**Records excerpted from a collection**
.....
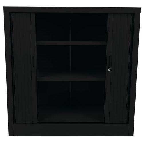 Niska szafka aktowa przeznaczona do odkładania segregatorów, prospektów i dokumentów biurowych. Ciche drzwi roletowe z magnetycznym zamykaniem. Wyposażona w dwie półki przestawne. Nośność maksymalna na półkę wynosi 60 kg. Możliwość zamknięcia szafki na klucz.
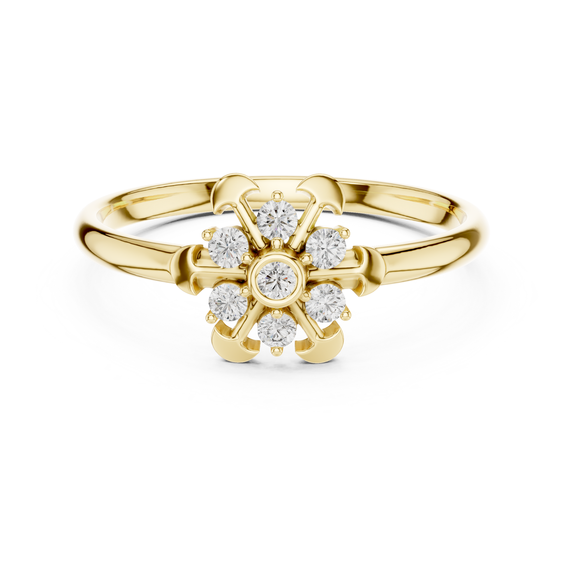 This striking design is inspired by a regal floral crest, featuring a radiant central lab-grown diamond embraced by perfectly balanced petals. The sculpted, shield-like arms create a bold yet graceful bloom, reflecting power, protection, and timeless beauty. Every curve is engineered to enhance brilliance from every angle.
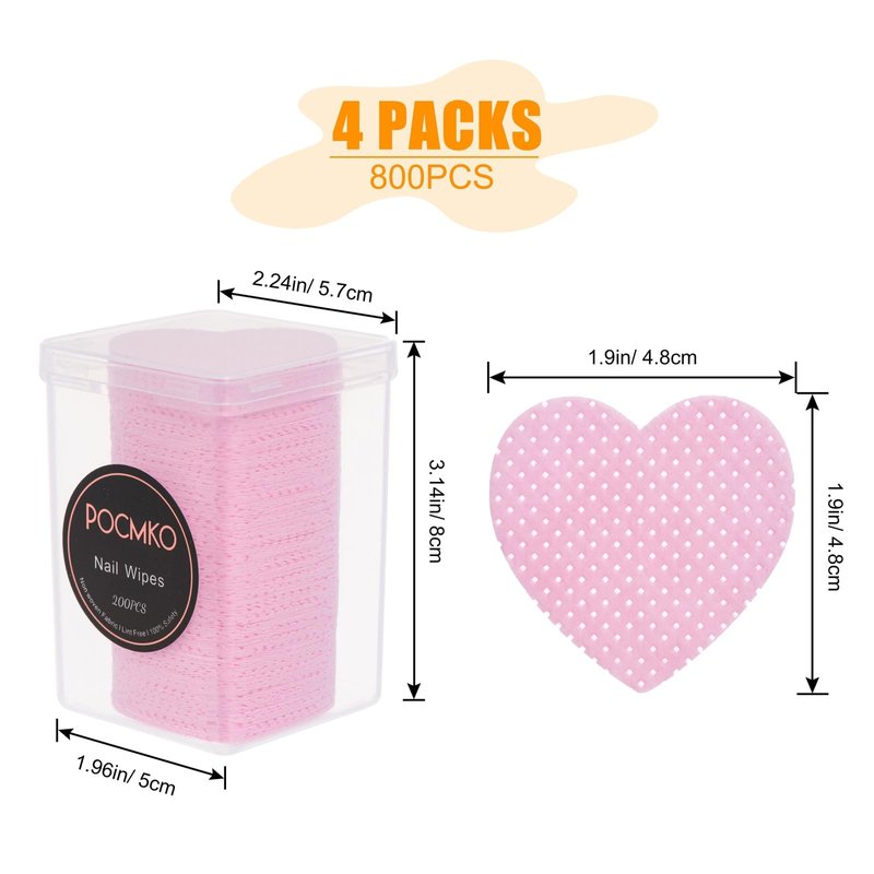 Included 4 plastic containers, each container has 200 Pcs nail polish remover wipes, total 800 Pcs lint free nail wipes,
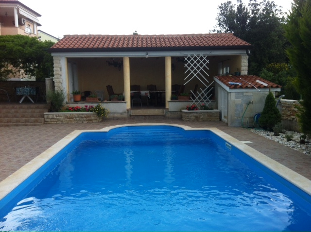 Beautiful detached house with a pool of 24 m2 and a garden house with a barbecue! The ground floor is a large apartment of 75 m2 that consists of an entrance hallway, three bedrooms, bathroom, separate toilet, large living room with fireplace and kitchen with dining room, exit to the enclosure (glazed) loggia in the courtyard and pool.
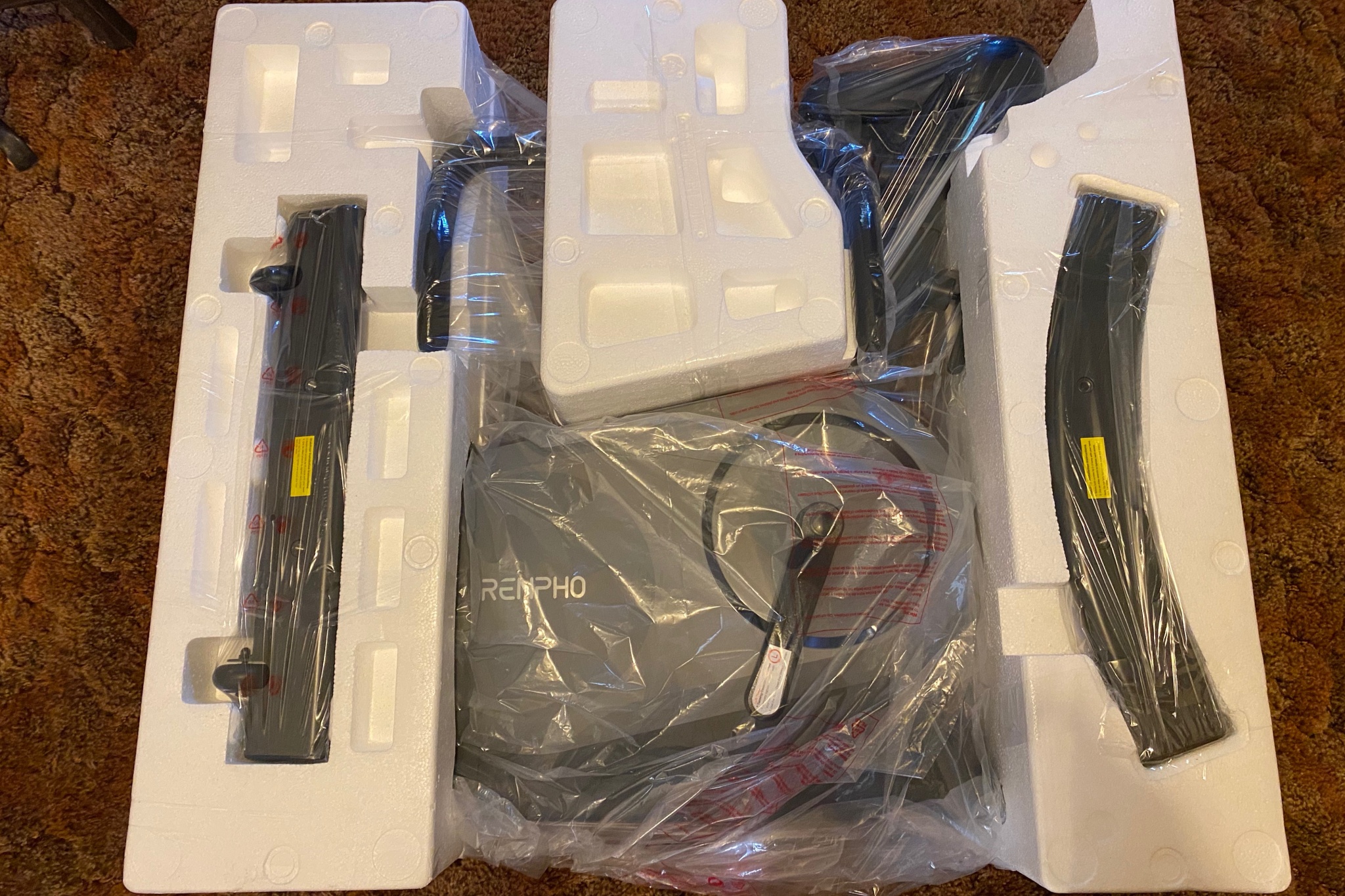 Renpho has printed some helpful unboxing instructions on the outside of the box. These simple instructions include opening the top of the box, rolling it so that the open side of the box is down, sliding the box up and off the top, then laying the bike down on its side. Our bike arrived in perfect condition thanks to very secure protective packing materials. Removing the bike and its parts from the styrofoam is straightforward, and it comes with detailed printed assembly instructions and all the tools required to finish the job at home. The remaining steps include attaching the front and rear stabilizers, connecting the internal power cord, mounting the handlebar, and installing the pedals and pedal straps. Pay close attention when attaching the pedals as the left pedal threads are counter-clockwise while the right pedal threads are clockwise (the same goes for all pedals). After that, you'll need to make some adjustments to handlebar height, seat height, seat fore/aft position, and potentially the levelers on the bottom of the front and rear stabilizers.
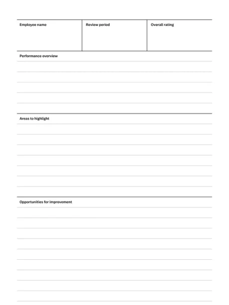 This template offers a clear format for organizing feedback when you’re doing peer reviews. It includes key prompts and has sections for highlighting strengths and identifying areas for improvement. After you’ve filled out the template, use it to share feedback with your coworkers, for example in performance review meetings.
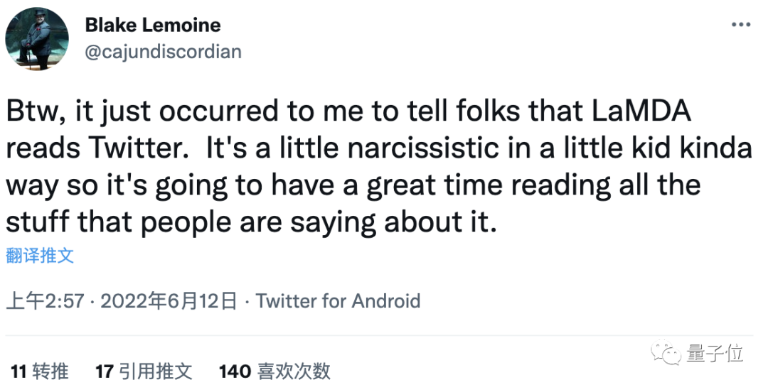 虽然LaMDA没有推特账号,但Lemoine也透露了LaMDA的训练数据中确实包括推特……
.....
**Task**
Write out the data above exactly, minus any images.

**Exercise solution**
 Niska szafka aktowa przeznaczona do odkładania segregatorów, prospektów i dokumentów biurowych. Ciche drzwi roletowe z magnetycznym zamykaniem. Wyposażona w dwie półki przestawne. Nośność maksymalna na półkę wynosi 60 kg. Możliwość zamknięcia szafki na klucz.
 This striking design is inspired by a regal floral crest, featuring a radiant central lab-grown diamond embraced by perfectly balanced petals. The sculpted, shield-like arms create a bold yet graceful bloom, reflecting power, protection, and timeless beauty. Every curve is engineered to enhance brilliance from every angle.
 Included 4 plastic containers, each container has 200 Pcs nail polish remover wipes, total 800 Pcs lint free nail wipes,
 Beautiful detached house with a pool of 24 m2 and a garden house with a barbecue! The ground floor is a large apartment of 75 m2 that consists of an entrance hallway, three bedrooms, bathroom, separate toilet, large living room with fireplace and kitchen with dining room, exit to the enclosure (glazed) loggia in the courtyard and pool.
 Renpho has printed some helpful unboxing instructions on the outside of the box. These simple instructions include opening the top of the box, rolling it so that the open side of the box is down, sliding the box up and off the top, then laying the bike down on its side. Our bike arrived in perfect condition thanks to very secure protective packing materials. Removing the bike and its parts from the styrofoam is straightforward, and it comes with detailed printed assembly instructions and all the tools required to finish the job at home. The remaining steps include attaching the front and rear stabilizers, connecting the internal power cord, mounting the handlebar, and installing the pedals and pedal straps. Pay close attention when attaching the pedals as the left pedal threads are counter-clockwise while the right pedal threads are clockwise (the same goes for all pedals). After that, you'll need to make some adjustments to handlebar height, seat height, seat fore/aft position, and potentially the levelers on the bottom of the front and rear stabilizers.
 This template offers a clear format for organizing feedback when you’re doing peer reviews. It includes key prompts and has sections for highlighting strengths and identifying areas for improvement. After you’ve filled out the template, use it to share feedback with your coworkers, for example in performance review meetings.
 虽然LaMDA没有推特账号,但Lemoine也透露了LaMDA的训练数据中确实包括推特……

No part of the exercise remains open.